→ **EXERCISE MATERIAL**
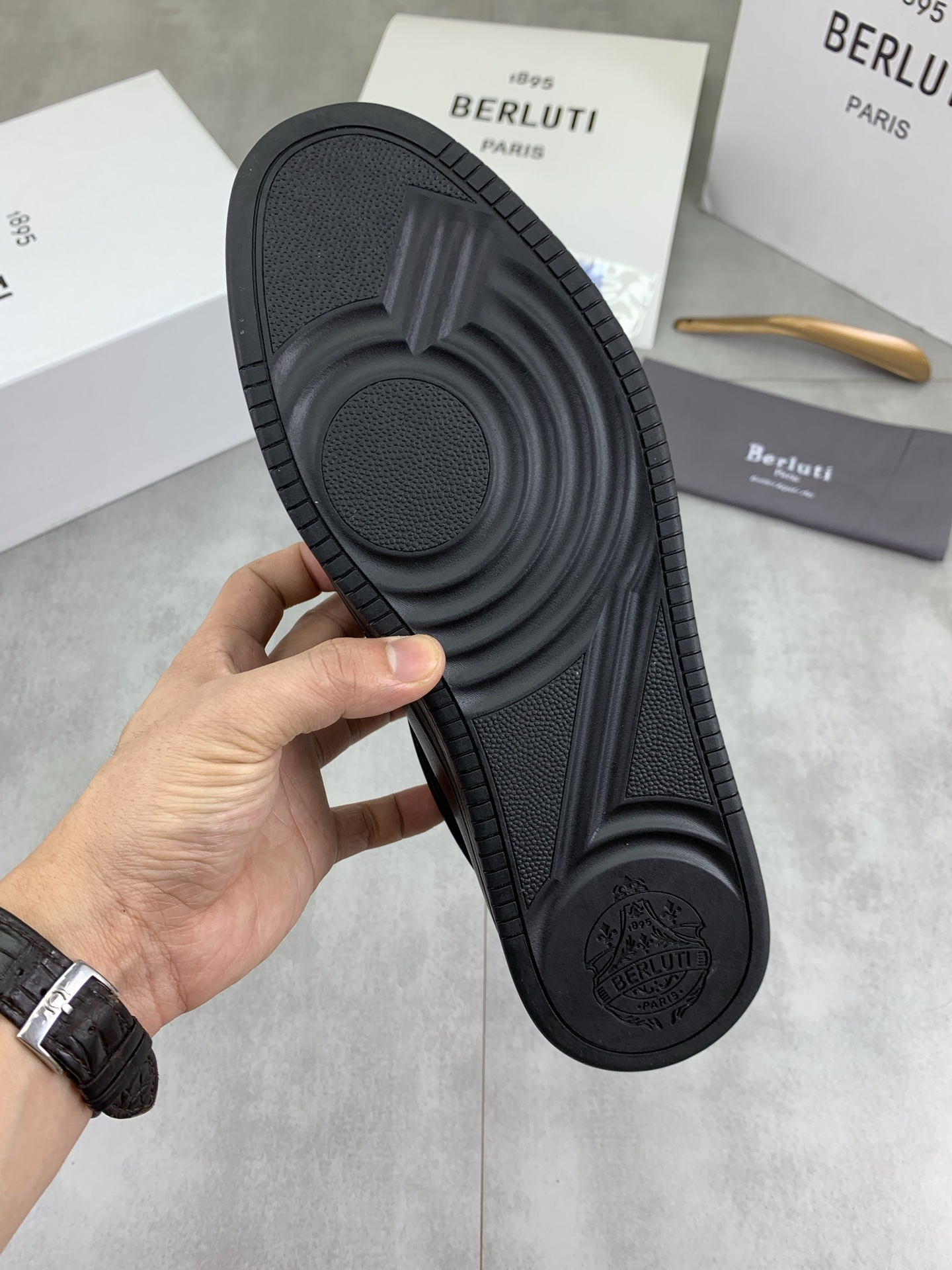 這款鞋子是AAAAA 1:1 質量(非常棒). 使用了和原版一模一樣的材料. 商標部分也保持了和Berluti一樣. 圖片拍攝是實物鞋子拍攝, 您所收到的實物保證和我們圖片一模一樣.
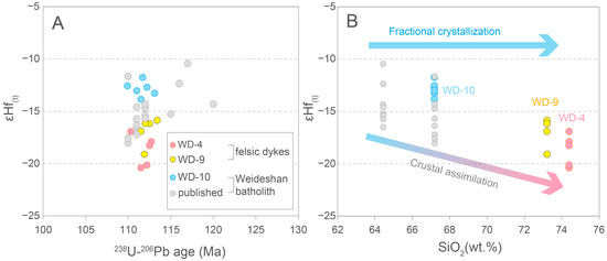 (A) Zircon εHf(t) and 38U-206Pb age plot. Published zircon εHf(t) data are from [18]. (B) Zircon εHf(t) vs. whole-rock SiO2 content plot. Published whole-rock SiO2 contents of quartz monzonite and zircon Hf isotope data (gray circles) are from [18]. Note that there is a decreasing trend in εHf(t) values with increasing SiO2 contents in the different rocks.
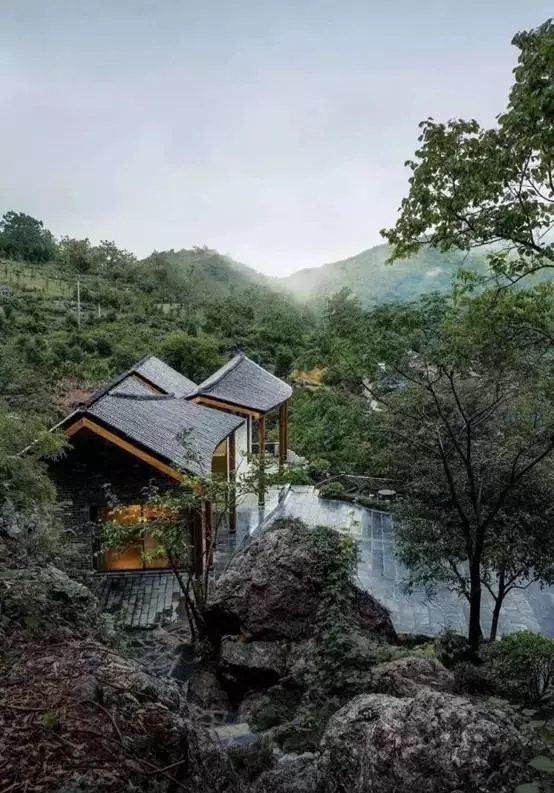 用适当的尺度,将建筑体量化整为零,加建与原有的建筑。在合理布局中相互呼应。石材作为砌筑的边界,用以划分空间的界定,但无形之中也融入了坡地之中。
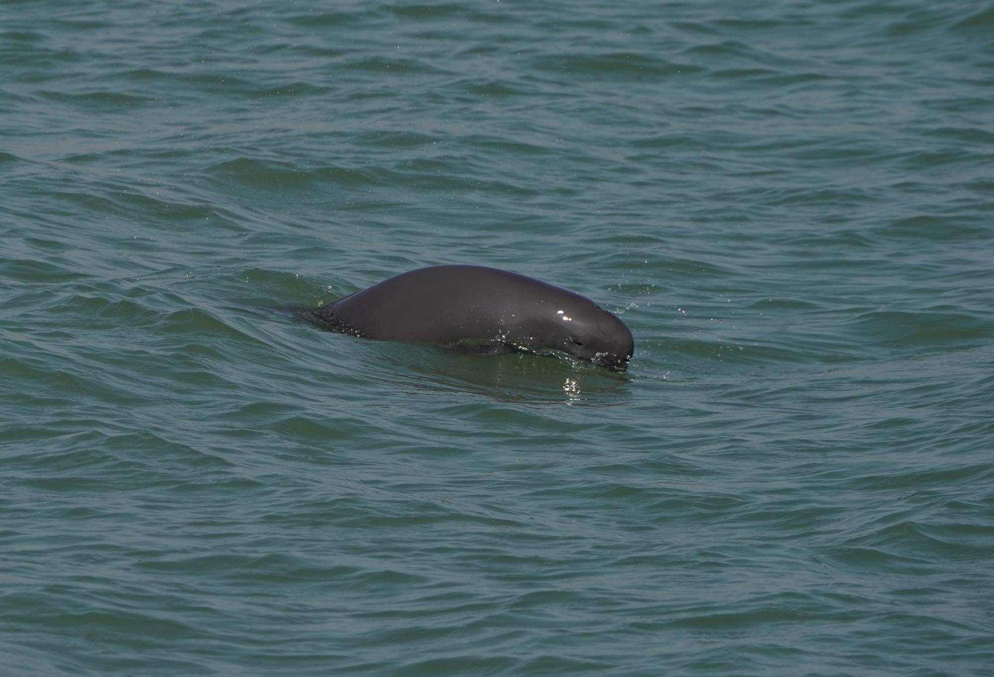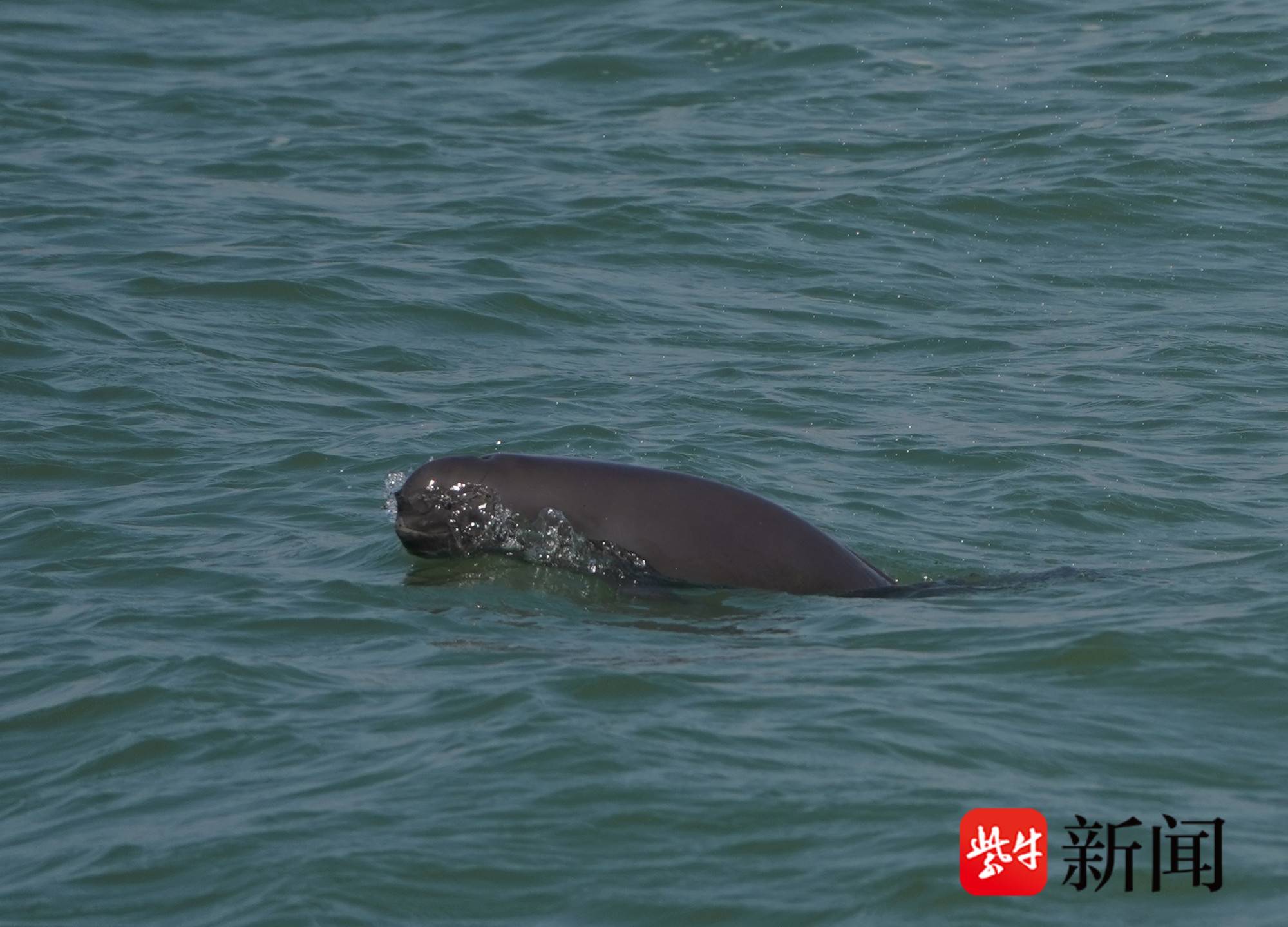 图为江豚逐浪而行
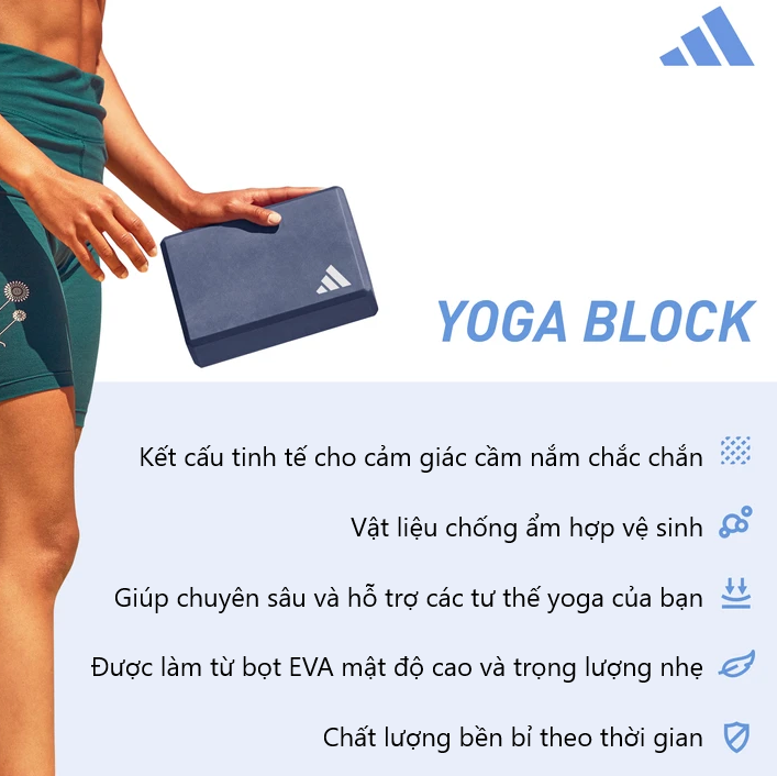 - Gạch Yoga Adidas ADYG-20150 là dụng cụ bổ trợ trong quá trình tập Yoga, một dụng cụ thể lực trong phòng tập. - Sản phẩm được thiết kế với nhiều tính năng đặc biệt
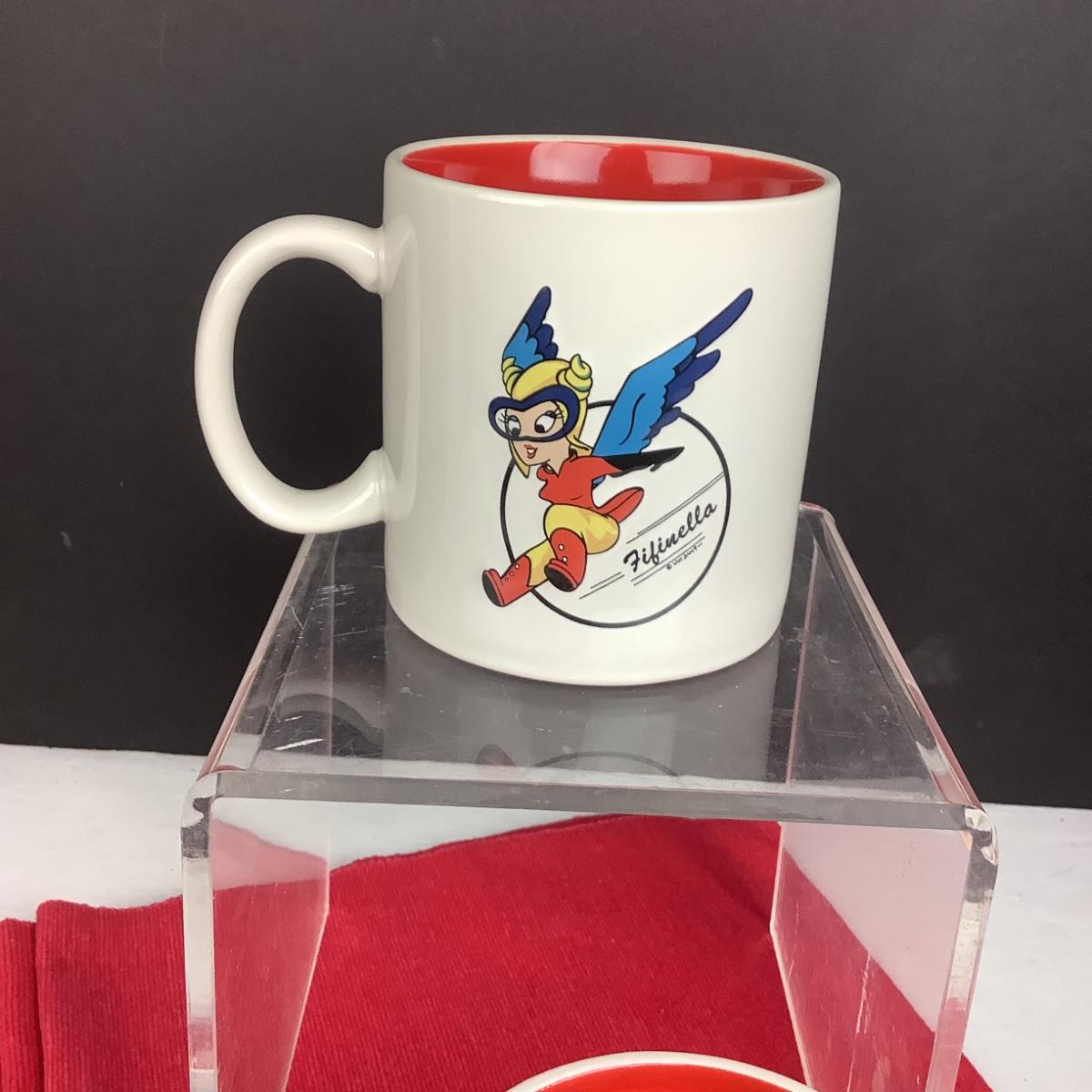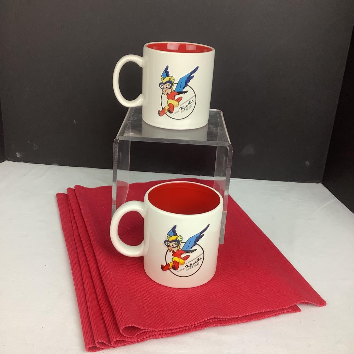 FiFinella Wasp WWII pilot Coffee mugs with 4 red placemats

→ **YOUR OBJECTIVE**
Leaving every picture behind, retype the entries above exactly, from the first line through the line with "(A) Zircon εHf(t)", and stop there.

→ **ANSWER FOR THIS EXERCISE**
 這款鞋子是AAAAA 1:1 質量(非常棒). 使用了和原版一模一樣的材料. 商標部分也保持了和Berluti一樣. 圖片拍攝是實物鞋子拍攝, 您所收到的實物保證和我們圖片一模一樣.
 (A) Zircon εHf(t) and 38U-206Pb age plot. Published zircon εHf(t) data are from [18]. (B) Zircon εHf(t) vs. whole-rock SiO2 content plot. Published whole-rock SiO2 contents of quartz monzonite and zircon Hf isotope data (gray circles) are from [18]. Note that there is a decreasing trend in εHf(t) values with increasing SiO2 contents in the different rocks.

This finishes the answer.